Mis à jour le 08/12/2011 à 18h37 | Publié le 08/12/2011 à 18h08

TRIBUNE - Au lendemain de la représentation de «Golgota Picnic», l'historien de l'art,


Jean Clair, dénonce un art contemporain largement fondé sur le sarcasme et la dérision.

L'opinion développée par Fabrice Hadjadj à propos de la christianophobie laisse perplexe.


S'il faut la résumer:
- La christianophobie est légitime quand elle vient d'un non-chrétien.
- Un chrétien ne peut dénoncer la christianophobie sinon à courir le risque qu'elle se
retourne contre l'art chrétien lui-même.
- Si la christianophobie s'exprime par la figure du Crucifié, dois-je décrocher de mon mur
cette image qui représente «le supplice des malfaiteurs»?
- Si le christianisme est victime d'une phobie spéciale, c'est parce qu'il dérange jusqu'à
inquiéter. On ne peut donc éprouver de phobie devant la christianophobie car cette
dernière ratifie l'amour que l'Église porte jusqu'à ses ennemis d'aujourd'hui qui seront ses
amis de demain.
- Au demeurant, la christianophobie renforce l'Église: le pape Léon le Grand ne prêchait-
il pas au Ve siècle que «l'Église n'est pas diminuée mais agrandie par les persécutions
qu'elle subit»?
Sinon cet éloge, du moins cette défense de la christianophobie, faite au moment où les
minorités chrétiennes, de l'Égypte à l'Indonésie et de la Turquie au Kosovo, sont souvent
inquiétées et leurs lieux de culte détruits, a quelque chose de choquant. On peut
accepter le martyre sans pour autant en avoir le goût, moins encore le désirer. Le
sacrifice de l'Agneau n'est pas, parce qu'il est «mystique», reconductible dans le
massacre silencieux des fidèles. La fascination du sacrifice est plus du côté d'un Satan
qui vous pousse à vous jeter au bas de la falaise, que du côté d'un Dieu qui aime les
humains jusqu'à mourir pour eux. Passons sur ces querelles théologiques…
Je m'attarderai en revanche, en tant qu'historien d'art, sur le lien que le texte du
philosophe chrétien qu'est Hadjadj rappelle entre l'art et le sacré, entre l'image de culte
- publique - et l'image de dévotion, privée.
L'Homme-Dieu soumis au supplice vil de la Crucifixion a été au centre de ce qu'on a
appelé «la querelle des images». Byzance s'est déchirée des siècles pour savoir s'il fallait
représenter le Christ ou s'il fallait ne représenter que la Croix, emblème aniconique.
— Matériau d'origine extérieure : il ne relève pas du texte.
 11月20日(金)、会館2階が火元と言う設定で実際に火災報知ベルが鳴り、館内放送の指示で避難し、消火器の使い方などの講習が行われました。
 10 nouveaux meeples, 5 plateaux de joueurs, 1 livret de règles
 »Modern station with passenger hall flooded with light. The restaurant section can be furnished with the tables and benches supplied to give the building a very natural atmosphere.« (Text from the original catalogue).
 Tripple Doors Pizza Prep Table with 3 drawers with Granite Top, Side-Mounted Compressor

Éternel problème de l'opposition entre «présence» ou «représentation». Il semble
d'ailleurs se poser à nouveau: les églises catholiques, comme effrayées du spectacle du
supplice, se vident de leurs Crucifix et se contentent le plus souvent de deux morceaux
de bois nus, comme au temps des iconoclasmes.
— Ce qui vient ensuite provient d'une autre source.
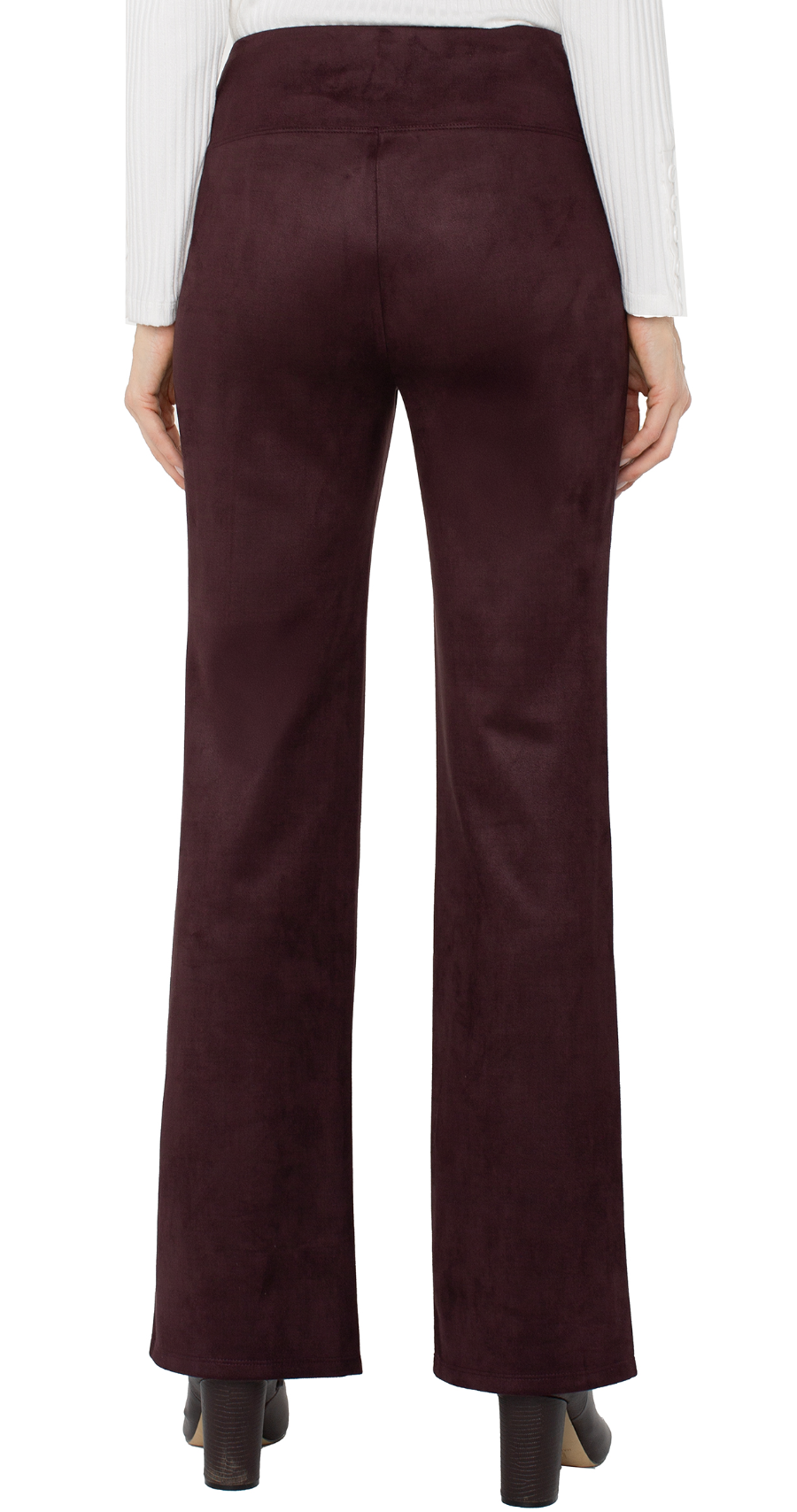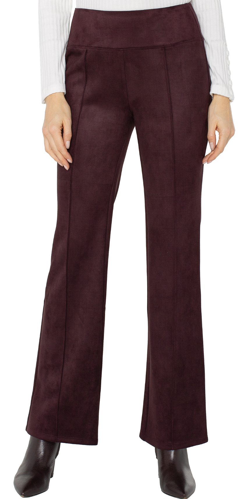 Full-length faux suede flare pants featuring front pintuck detailing for a sleek, elongating effect. Designed with a smooth pull-on waistband for a flattering fit and all-day comfort. The soft, pearl-toned suede texture adds a touch of sophistication, making these pants perfect for both casual and dressy occasions.

Le Pantocrator et le Crucifié
Dès que l'image du Christ fut acceptée, le conflit continua entre la représentation d'une
image glorieuse, le Pantocrator, ou d'une image souffrante, le Crucifié. Or, ce n'était
pas la présence de Dieu qu'on adorait dans l'œuvre, mais c'était la présence de l'œuvre
même qui permettait de se représenter Dieu. À partir de ce moment-là, ce que nous
avons appelé «art» est apparu. De ce moment, liberté était donnée à l'artiste de
représenter l'idée qu'il se faisait, lui, de la crucifixion. L'image du Crucifié a peu à peu
submergé notre culture, devenue religion et art entremêlés - et elle est notre quotidien,
depuis la Crucifixion de Picasso, jusqu'aux petites croix d'argent glissées dans le sein
découvert de nos people télévisés.
Est-ce dire que les uns valent pour les autres? Si je m'insurge contre la grossièreté
de Golgota Picnic, jusqu'à vouloir son interdiction, «ce que j'obtiendrai au final, avance
Hadjadj, sera l'interdiction du chef-d'œuvre de Dante, La Divine Comédie». Vraiment?
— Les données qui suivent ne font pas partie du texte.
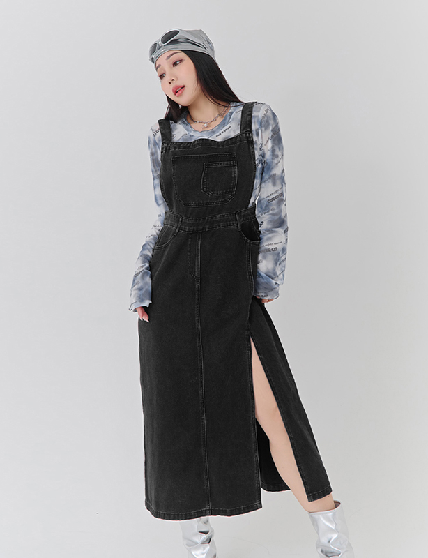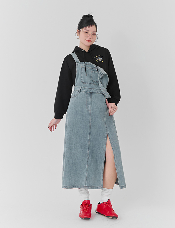 百搭前開衩牛仔吊帶洋裝

Pour faire écho à un scandale récent, si je demande que le Piss Christ d'Andres Serrano
soit décroché du musée qui l'abrite, sont-ce les Christ de Rubens ou de Mantegna que je
décroche aussi? Ce serait dire que l'œuvre dite d'«art» d'un homme nommé Serrano et
autoproclamé «artiste» a même valeur que des œuvres (dont l'iconographie a été
lentement établie au cours des siècles, par des confréries, des congrégations, des
conciles, des sages, des philosophes, des saints et de simples dévots) d'une autorité,
pour les sociétés de croyants qui la contemplent, égale à l'autorité des lois établies par
nos sociétés laïques.
Le christianisme est une religion qui est née dans l'Histoire - c'est même son
«originalité» - et qui a son histoire, l'histoire des représentations qu'elle s'est faite de
Dieu. Dire qu'elle est dans l'Histoire, c'est dire qu'elle est dans le variable -variable des
valeurs - évaluation comme évolution. C'est le problème du Bien et du Mal, du Beau et
du Laid - et de leur échelle. Jusqu'à l'extrême… Le culte du Saint Sang, par exemple,
naît et se développe en un lieu, l'Europe du Nord, et en un temps, les XIVe et
XVe siècles, jusqu'à culminer, par une sorte d'excitation dionysiaque, dans la grandiose
conception d'un Bernin où le calice du sang sacré s'ouvre en un vaste océan. Quel
rapport ces réalisations visionnaires ont-elles avec un crucifix de bazar trempant dans un
verre de pisse et dont la vue m'est imposée par le musée public qui l'expose? Il me serait
interdit de m'insurger devant ce «chef-d'œuvre» de l'art contemporain, aux attendus que
sa censure menacerait toute image de la Crucifixion?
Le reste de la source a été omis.